Молода, ох молода была Эля и глупа, ох, глупа! И непамятлива, и доверчива: вот много ли времени прошло со встречи, а не помнит уже лица Герцева, не может представить его ясно, отчетливо. В хвори сгорел, видать, его образ, пепел остался в душе и перед глазами, и в памяти что-то расплывчатое. А может, он и был таким расплывчатым, неоконтуренным. Одно она явственно помнит — его руки. На них, на этих крепких, все умеющих руках, засучены рукава; сжатые в полугорсть, готовые в любой миг схватить, сгрести, придавить, загорелые, искрящиеся волосом, с толстыми продольными жилами — очень выразительные были руки, оттого и запомнились, должно быть, и. как выяснилось, навсегда. А еще что? Слова, слова, слова! Много слов, тоже вроде бы что-то значительное скрывающих за собой. Эля попыталась приподняться, заглянуть за скобки слов — за ними оказалась пустота.
Это случилось, точнее началось, — после того перехода, когда, подбив ноги, Эля нежилась в палатке, а Герцев ладил еду, мимоходом сунув в палатку букетик снежно белых таежных ветрениц, которые, как он объяснил, на нормальных землях давным-давно отцвели, здесь же, на мерзлоте, в иных углах все еще начало лета. «Любимые цветы моей покойной родительницы», — как всегда, криво усмехаясь, объяснил он и после обеда запропал где-то. Явился мокрый, уработавшийся.
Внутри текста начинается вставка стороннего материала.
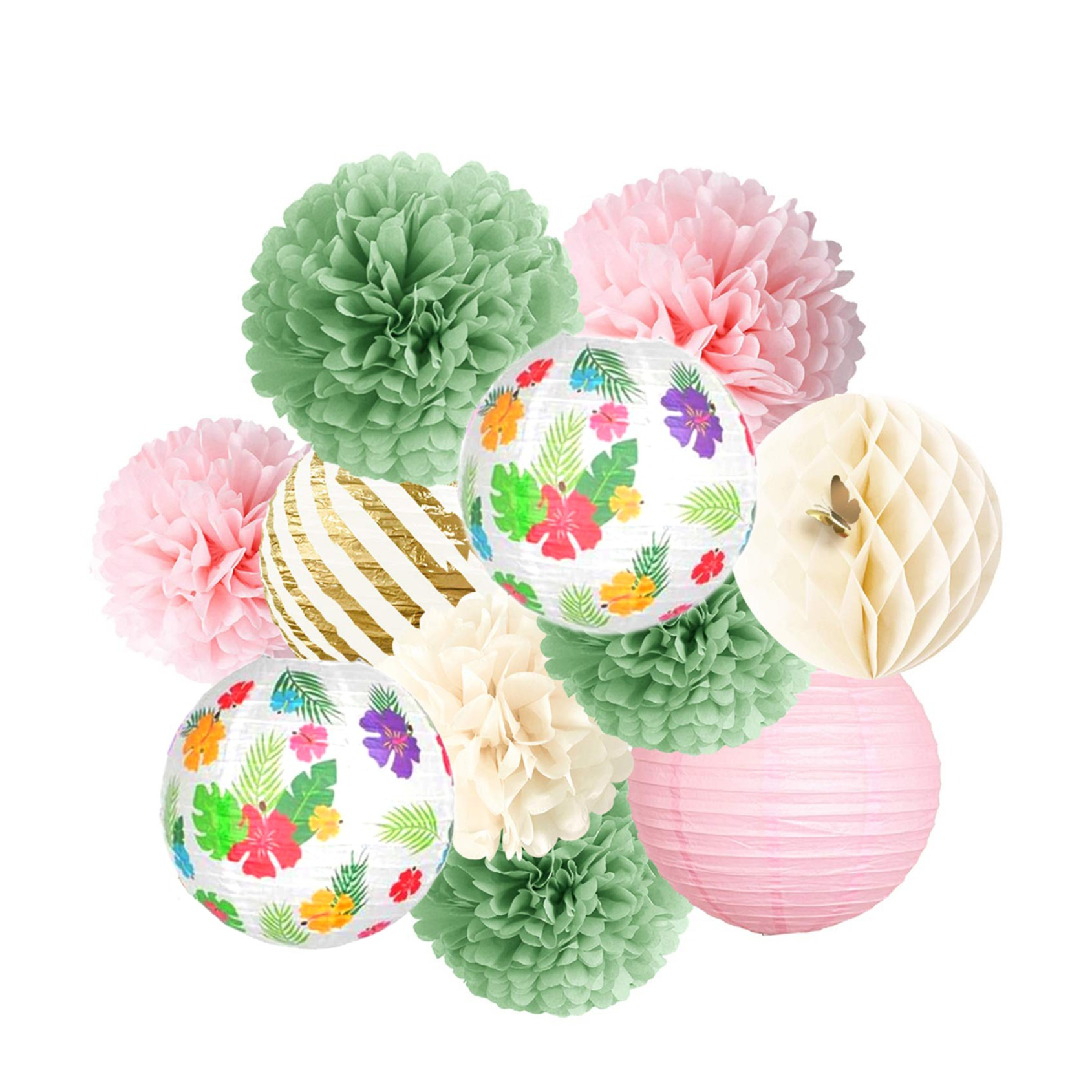 (11-tlg. Set) Papier Lampions Sommer Party Deko Pompon's Hawaii Wabenkugel - Rosa / Grün
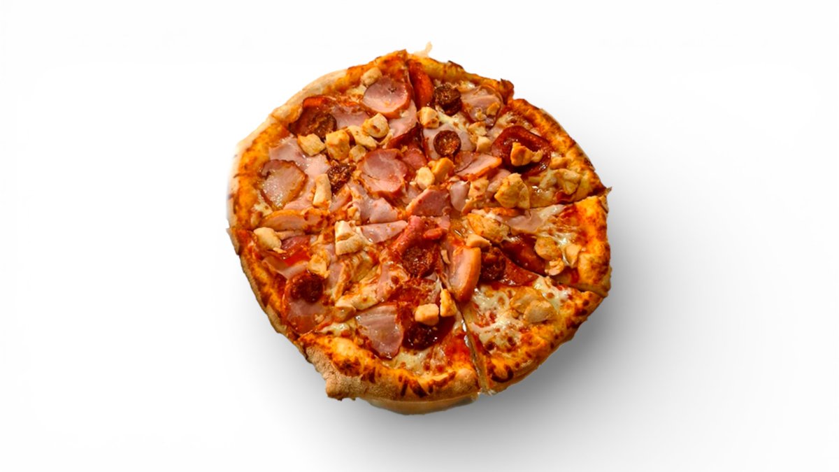 sugo, mozzarella, slanina, salám, šunka, kuřecí maso, klobása

— Ты не месторождение ли, случаем, ищешь?
— Что ж? — отозвался Гога. — Не худо бы подарить государству золотой, допустим, приискочек и навсегда рассчитаться — учило, кормило, моралью пичкало — не люблю быть должником. И попадается золотишко, широко попадается, да все это семечки. Вот, — бросил он спутнице узелок. — Никогда не видела?
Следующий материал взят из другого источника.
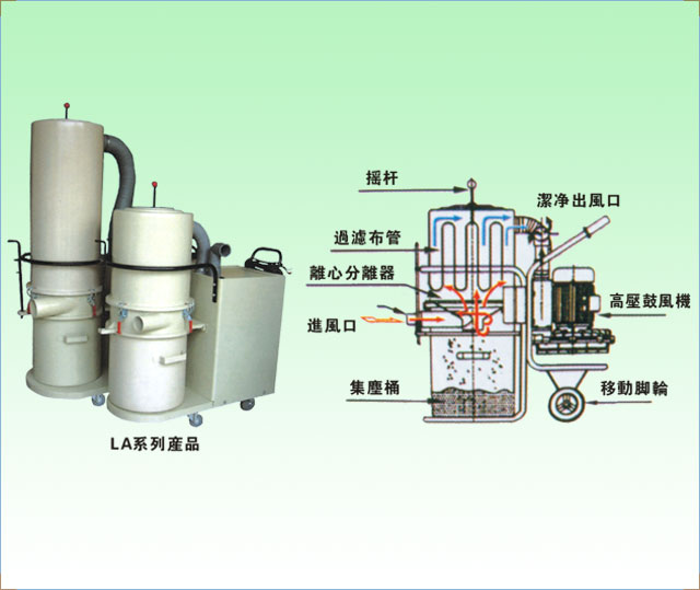 設備體積小,處理風量大; 一次除塵利用離心力原理分離大顆粒及成團的粉塵;二次集塵采用內(nèi)濾式集塵濾袋手動搖桿.可清除滯留在濾袋內(nèi)側(cè)的細微塵;常用于工位少粉塵產(chǎn)生量多的場所,如石材加工、各種機械、鑄造、家具木業(yè)、五金電子、化工涂料、冶金建材、輕紡、礦山采掘等; | |
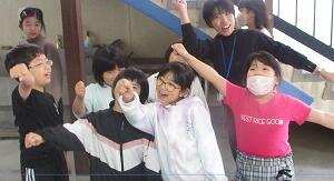 『シチューがおいしかったチュ~』とねずみのポーズで2年生と5年生が伝えていました。
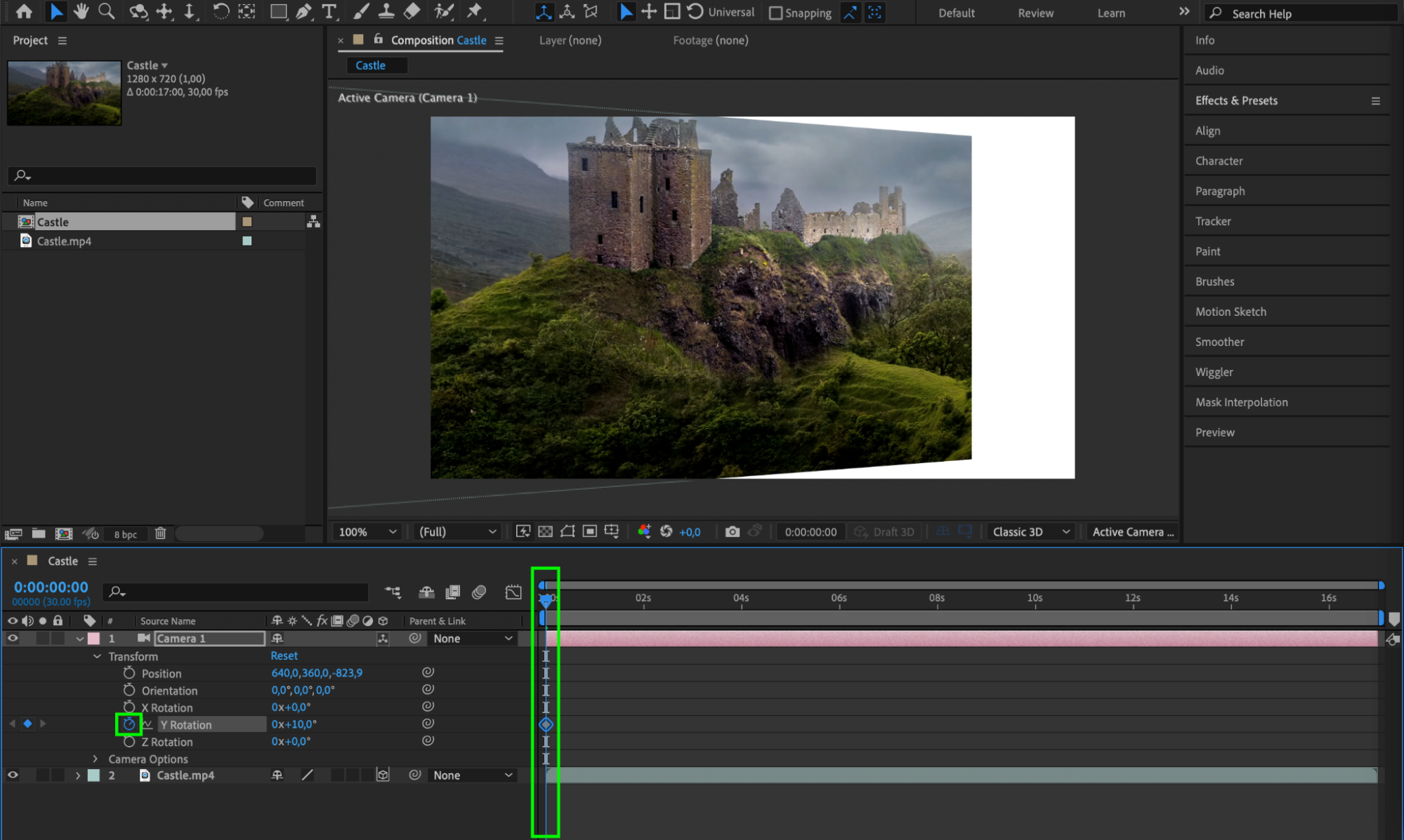 To create the panning effect, you’ll need to animate the Y rotation property. At the start of your video layer, set a keyframe for “Y Rotation”. Move to the end of the layer and set another keyframe with a different Y rotation value to simulate smooth camera movement.
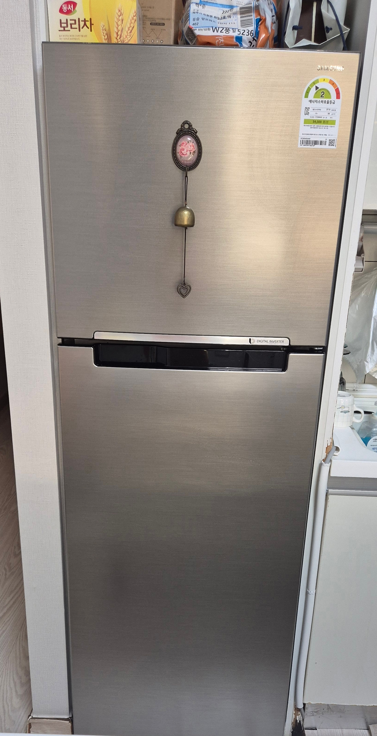 그리고, 이틀만에 새 냉장고가 왔다. 주문할땐 회색이라고 해서, 전체적으로 아이보리, 베이지 톤인 집에 맞을까 은근 걱정, 실망했는데 다행히 매트하고 어번한 실버색이 와서 만족했다. 문제는 예전거보다 쪼매 더 크다는...다시말해 코끼리를 쑤셔 넣는짓을 계속 해야 한다는...

Эля с любопытством развязала тряпицу. Золотинки напоминали блестки жира, снятые с топленого молока, уже старого, затемнелого, сохлого, чешуйчато прилипли они к тряпице, не горели, не сияли. «Люди гибнут за металл!» За этот вот?
— Отруби! — небрежно бросил Герцев, приняв от нее платок и завязывая его с ловкостью фокусника вокруг пальца.
— Найдешь месторождение, прииск, твоим именем назовут?
— Что? А-а! Не возражал бы. Но, главное, получить кругленькую сумму и навсегда расквитаться за глупость молодости. Послать бы разом из расчета полста рэ алименты до совершеннолетия дочери.
— Не щедро для открывателя месторождения!
— Нечего баловать детей!
— Умный, ты! Ох, умный!
— Всего лишь практичный. Не находишь?
— Нахожу. И все-таки шарлатанством попахивает.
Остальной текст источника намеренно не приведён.